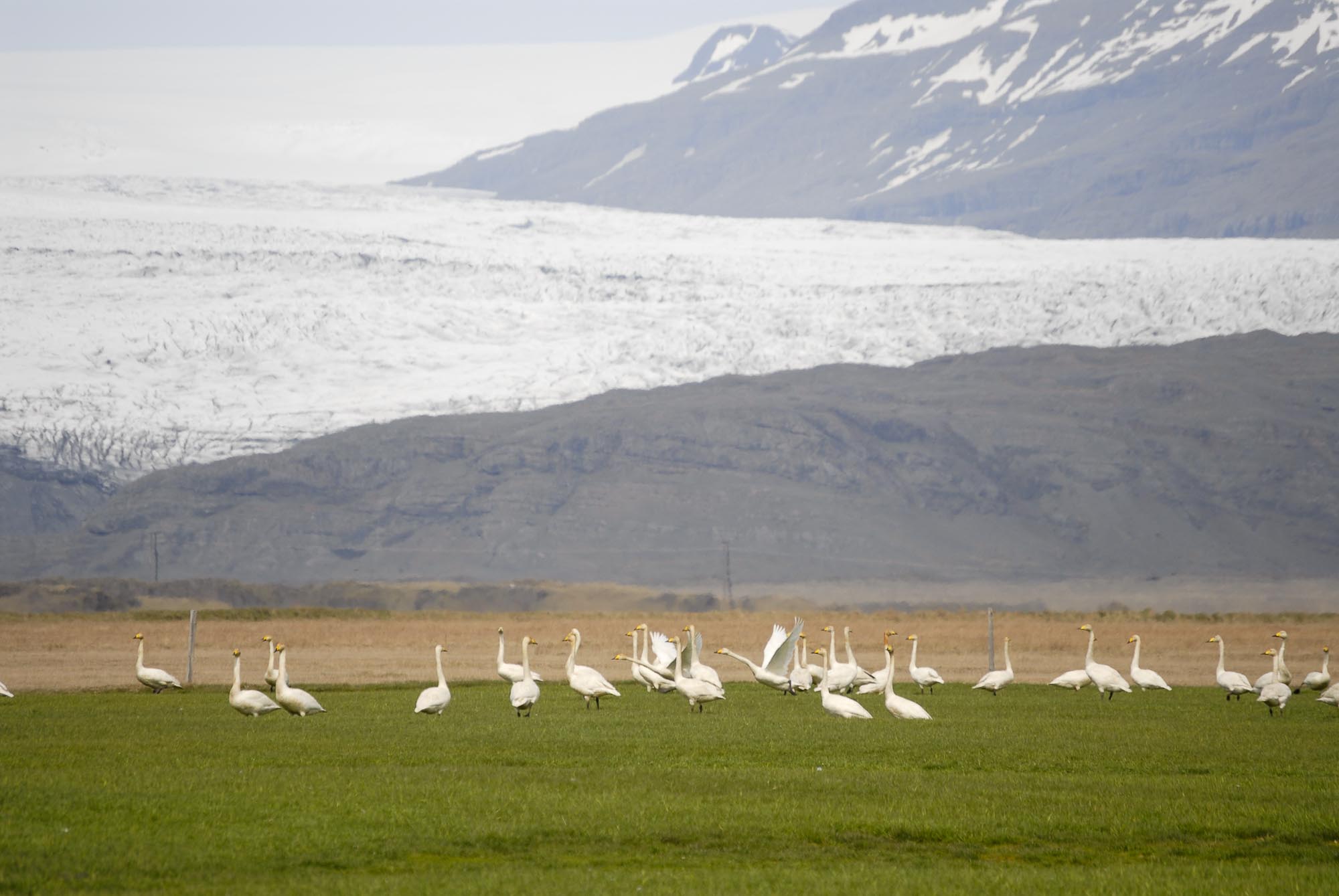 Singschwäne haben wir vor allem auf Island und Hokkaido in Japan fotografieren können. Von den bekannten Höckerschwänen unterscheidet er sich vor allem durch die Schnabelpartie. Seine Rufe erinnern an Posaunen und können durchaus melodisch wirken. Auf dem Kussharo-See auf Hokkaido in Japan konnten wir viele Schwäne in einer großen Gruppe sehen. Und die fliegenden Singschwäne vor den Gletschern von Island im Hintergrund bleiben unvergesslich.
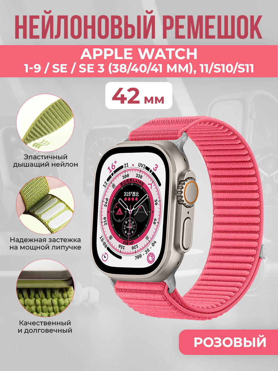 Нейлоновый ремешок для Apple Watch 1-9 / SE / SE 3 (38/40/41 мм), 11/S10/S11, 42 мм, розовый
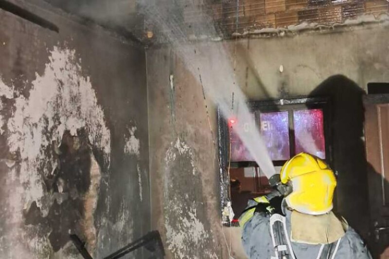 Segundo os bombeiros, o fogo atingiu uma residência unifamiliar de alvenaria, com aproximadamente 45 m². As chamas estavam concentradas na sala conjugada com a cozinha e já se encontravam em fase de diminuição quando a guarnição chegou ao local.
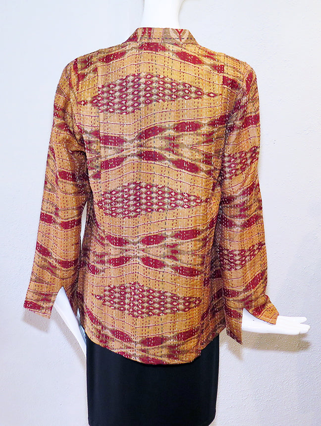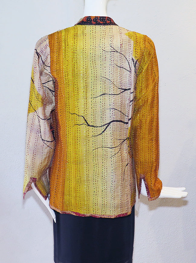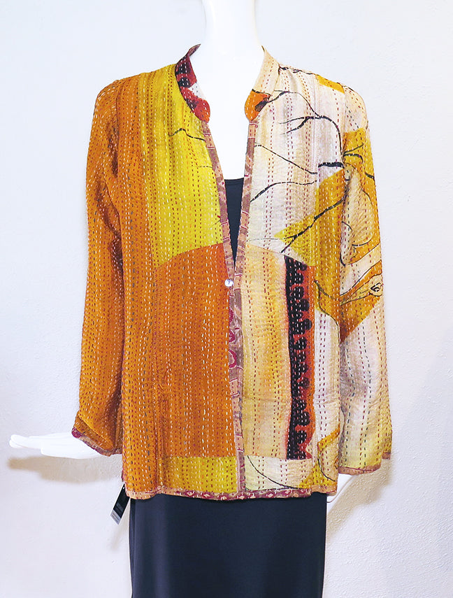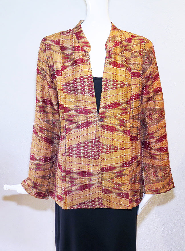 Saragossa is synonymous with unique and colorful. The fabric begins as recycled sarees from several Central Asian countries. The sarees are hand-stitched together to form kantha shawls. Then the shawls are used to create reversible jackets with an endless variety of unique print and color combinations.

REQUIRED WORK:
Return every line above word for word, minus images.

RESPONSE FOR THIS EXERCISE:
 Singschwäne haben wir vor allem auf Island und Hokkaido in Japan fotografieren können. Von den bekannten Höckerschwänen unterscheidet er sich vor allem durch die Schnabelpartie. Seine Rufe erinnern an Posaunen und können durchaus melodisch wirken. Auf dem Kussharo-See auf Hokkaido in Japan konnten wir viele Schwäne in einer großen Gruppe sehen. Und die fliegenden Singschwäne vor den Gletschern von Island im Hintergrund bleiben unvergesslich.
 Нейлоновый ремешок для Apple Watch 1-9 / SE / SE 3 (38/40/41 мм), 11/S10/S11, 42 мм, розовый
 Segundo os bombeiros, o fogo atingiu uma residência unifamiliar de alvenaria, com aproximadamente 45 m². As chamas estavam concentradas na sala conjugada com a cozinha e já se encontravam em fase de diminuição quando a guarnição chegou ao local.
 Saragossa is synonymous with unique and colorful. The fabric begins as recycled sarees from several Central Asian countries. The sarees are hand-stitched together to form kantha shawls. Then the shawls are used to create reversible jackets with an endless variety of unique print and color combinations.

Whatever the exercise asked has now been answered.